__Provided data__.
* * * * * * * * *

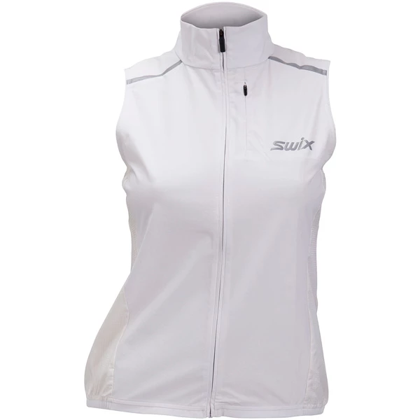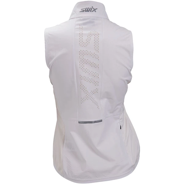 Hovedstoffet i vesten er vindavvisende, men puster like fullt svært godt. I tillegg er ventileringen optimalisert med perforerte paneler på sidene og laserkuttede hull i form av Swix logo på ryggen. Det finnes en praktisk mindre lomme på brystet, samt en større lomme bak i korsryggen, begge med et pustende meshmateriale på innsiden. Vesten har refleksbånd på skuldrene, på ryggen samt en reflektiv Swix logo på brystet og bak på kragen.
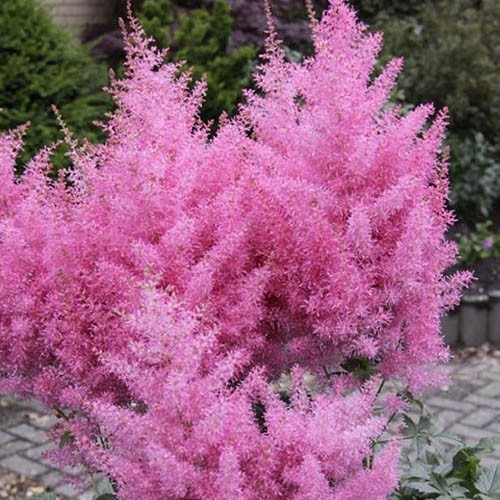 Астильба Арендса «Глория Пурпуреа» (Gloria Purpurea) высота куста 45 см, в цветущем состоянии — 70 см. Растение зимостойкое и неприхотливое. Ценится за пушистые розовые соцветия с легким ароматом и оригинальную ажурную листву. Цветет в июне-июле
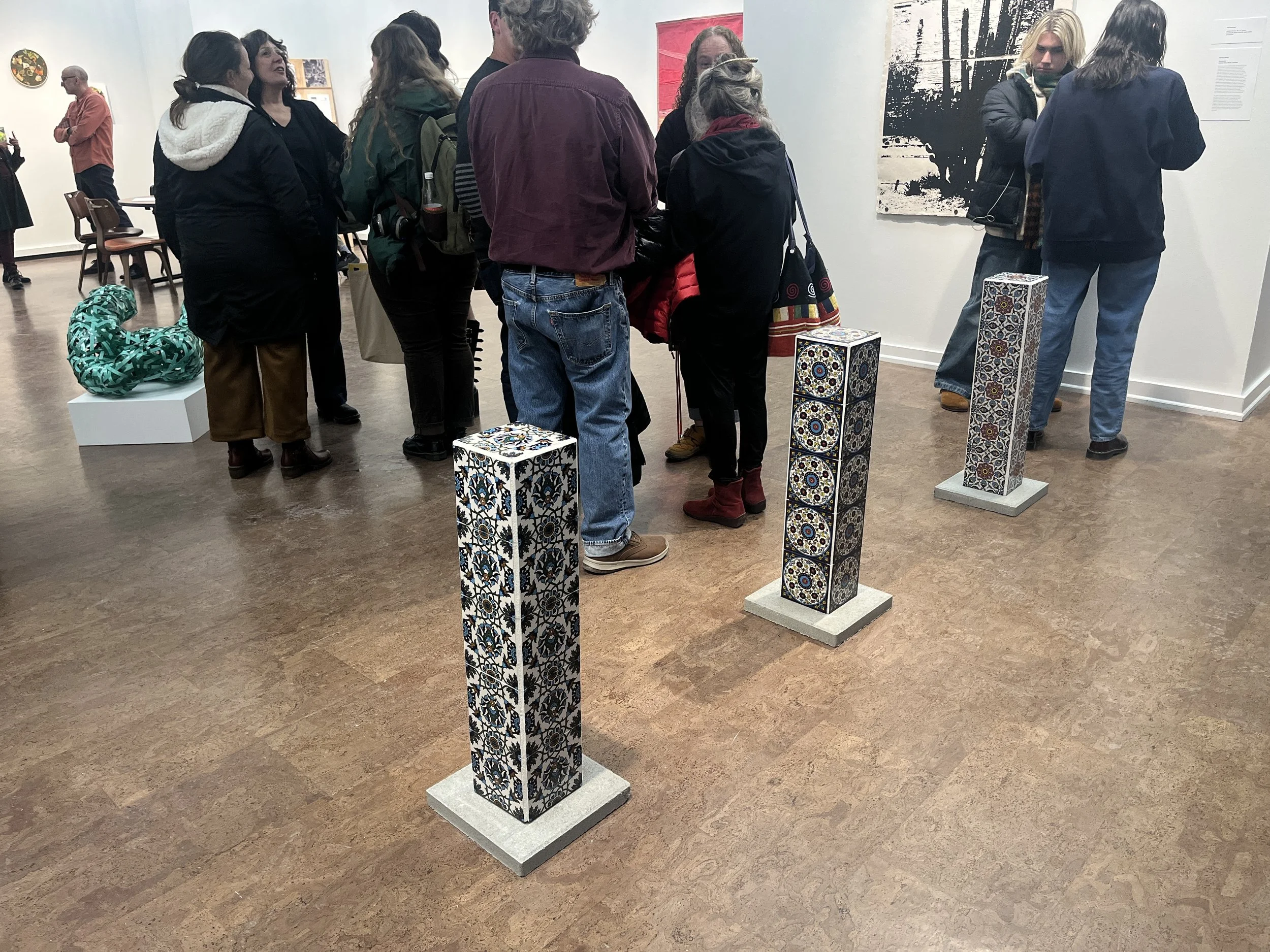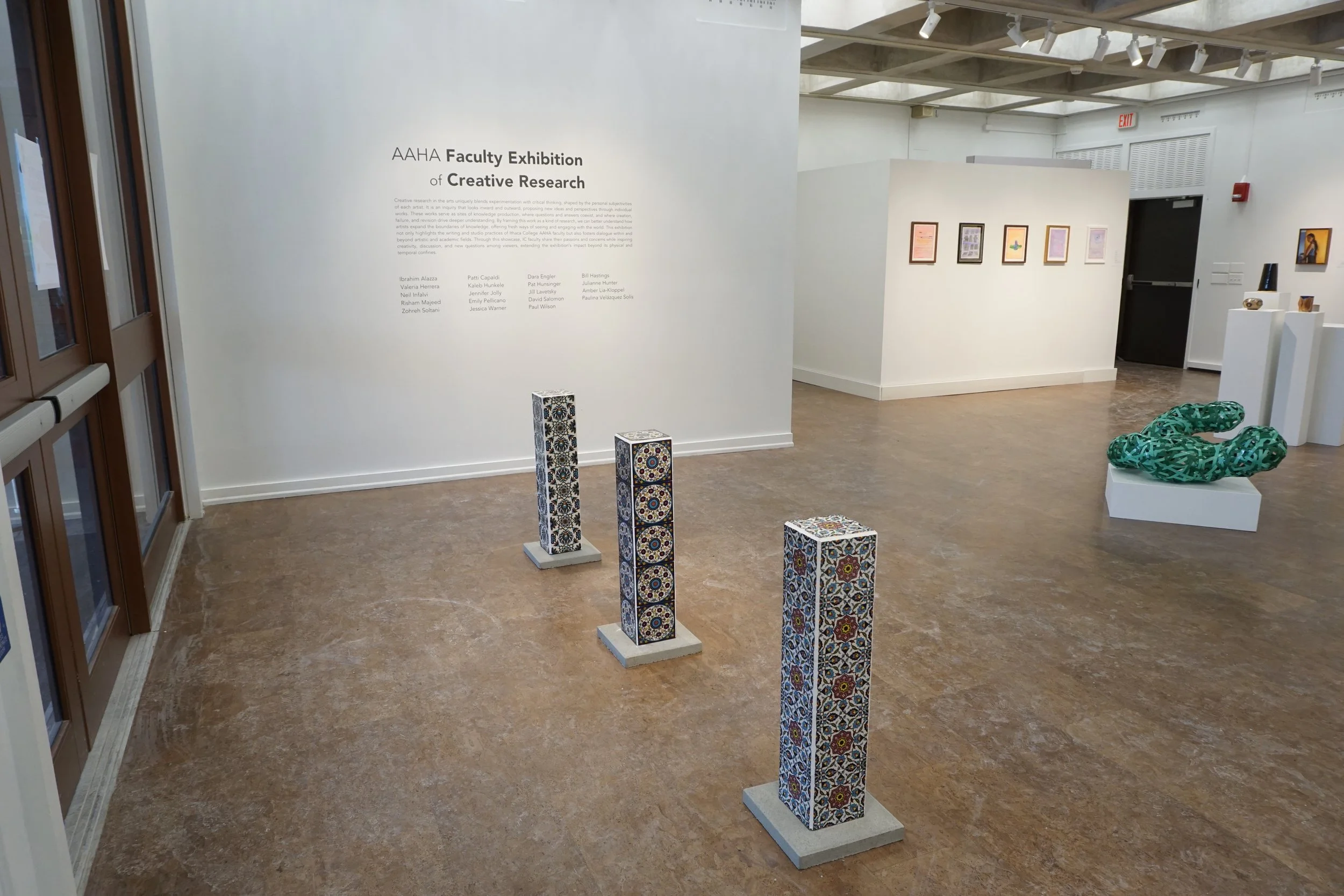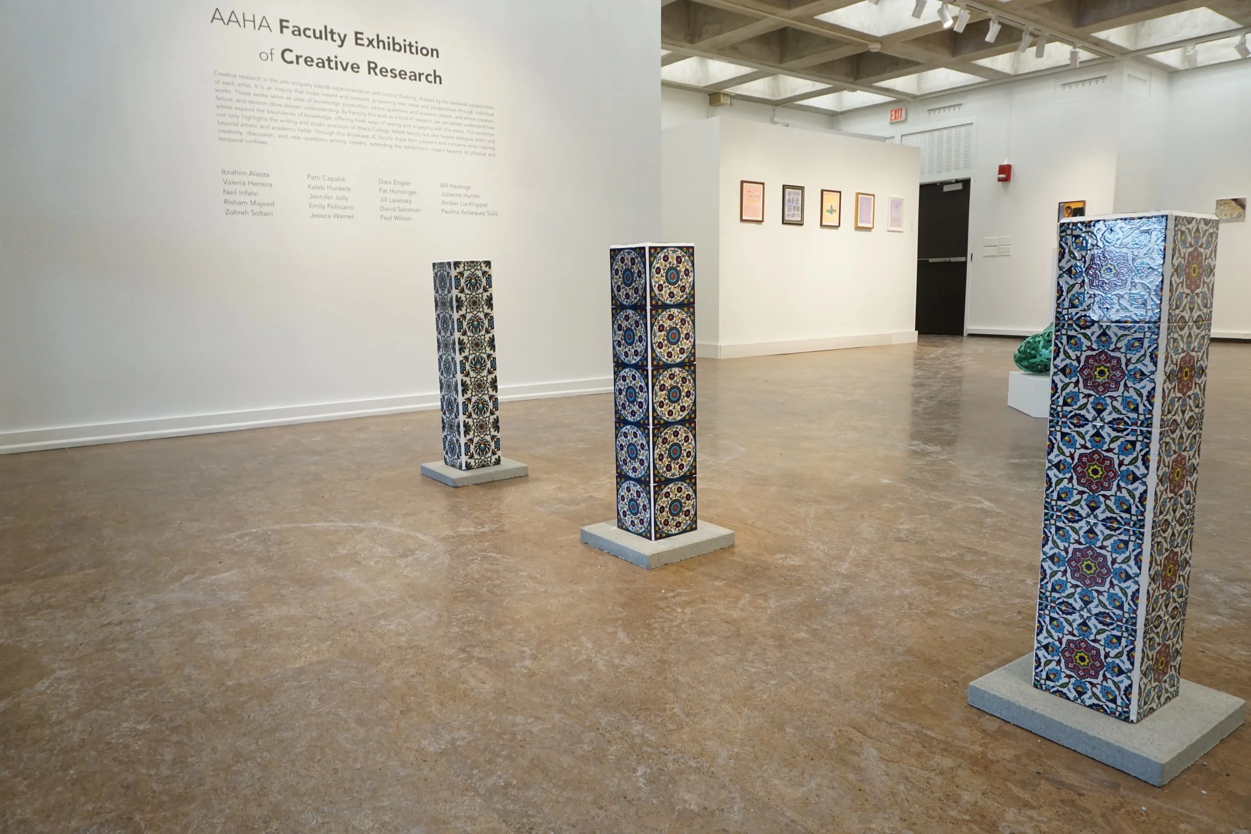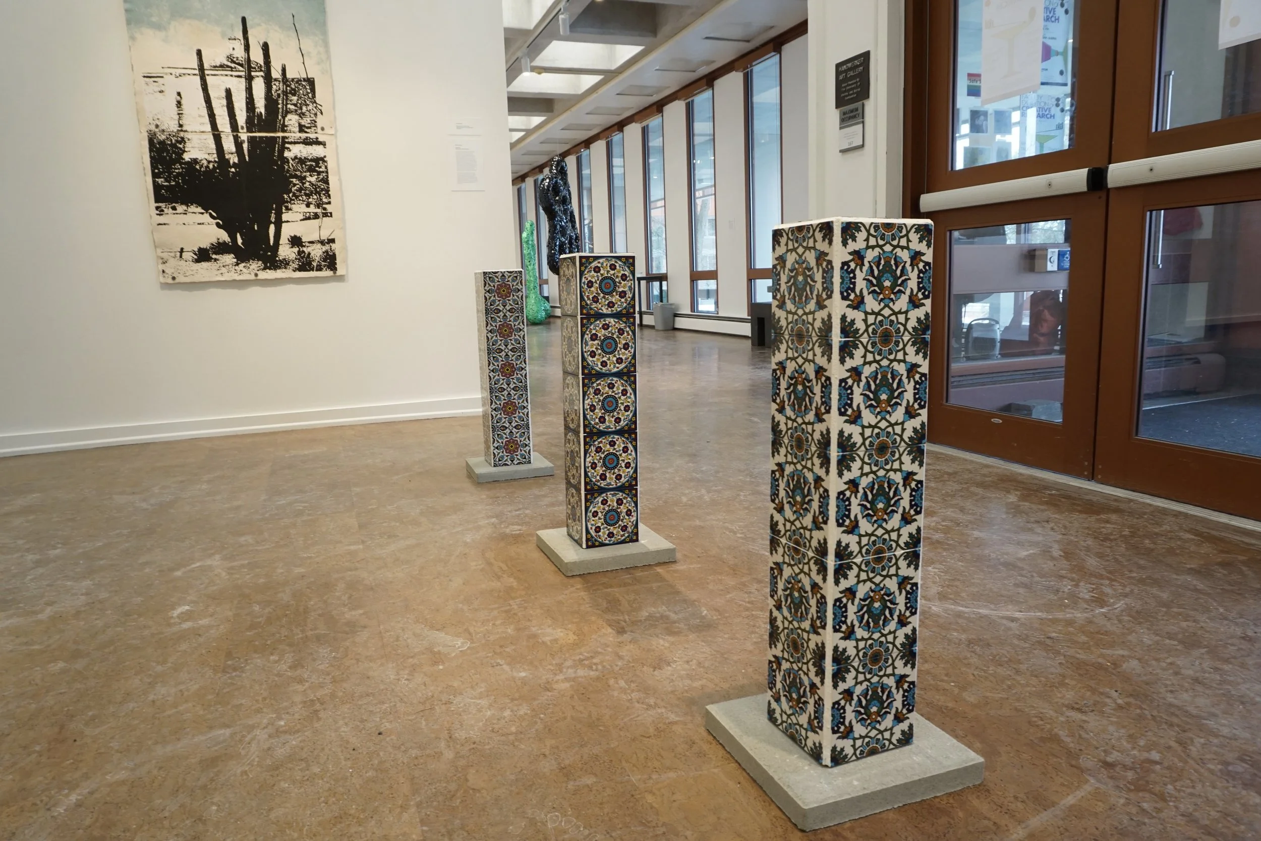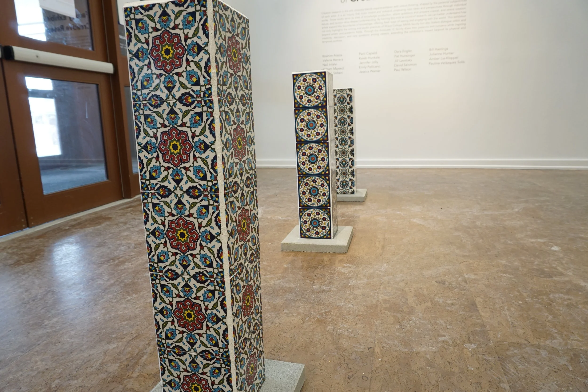 This piece reimagines the checkpoint, a site of pain, humiliation, suffering, and death, as a site of resilience. Creating a checkpoint made of ceramic tiles from the Palestinian city of Hebron (al-Khalil) highlights the resilience of Palestinians and the continuation of life and tradition despite major impediments. The beauty and the aesthetics of the tiles juxtapose the horrors of a checkpoint. The fragility of the ceramic styles opposes the concrete and steel structures that typically makeup checkpoints and is a commentary on the ideologically frail nature of these structures.

* * * * * * * * *

Repeat the listing verbatim without its pictures.

__Exercise output__.
 Hovedstoffet i vesten er vindavvisende, men puster like fullt svært godt. I tillegg er ventileringen optimalisert med perforerte paneler på sidene og laserkuttede hull i form av Swix logo på ryggen. Det finnes en praktisk mindre lomme på brystet, samt en større lomme bak i korsryggen, begge med et pustende meshmateriale på innsiden. Vesten har refleksbånd på skuldrene, på ryggen samt en reflektiv Swix logo på brystet og bak på kragen.
 Астильба Арендса «Глория Пурпуреа» (Gloria Purpurea) высота куста 45 см, в цветущем состоянии — 70 см. Растение зимостойкое и неприхотливое. Ценится за пушистые розовые соцветия с легким ароматом и оригинальную ажурную листву. Цветет в июне-июле
 This piece reimagines the checkpoint, a site of pain, humiliation, suffering, and death, as a site of resilience. Creating a checkpoint made of ceramic tiles from the Palestinian city of Hebron (al-Khalil) highlights the resilience of Palestinians and the continuation of life and tradition despite major impediments. The beauty and the aesthetics of the tiles juxtapose the horrors of a checkpoint. The fragility of the ceramic styles opposes the concrete and steel structures that typically makeup checkpoints and is a commentary on the ideologically frail nature of these structures.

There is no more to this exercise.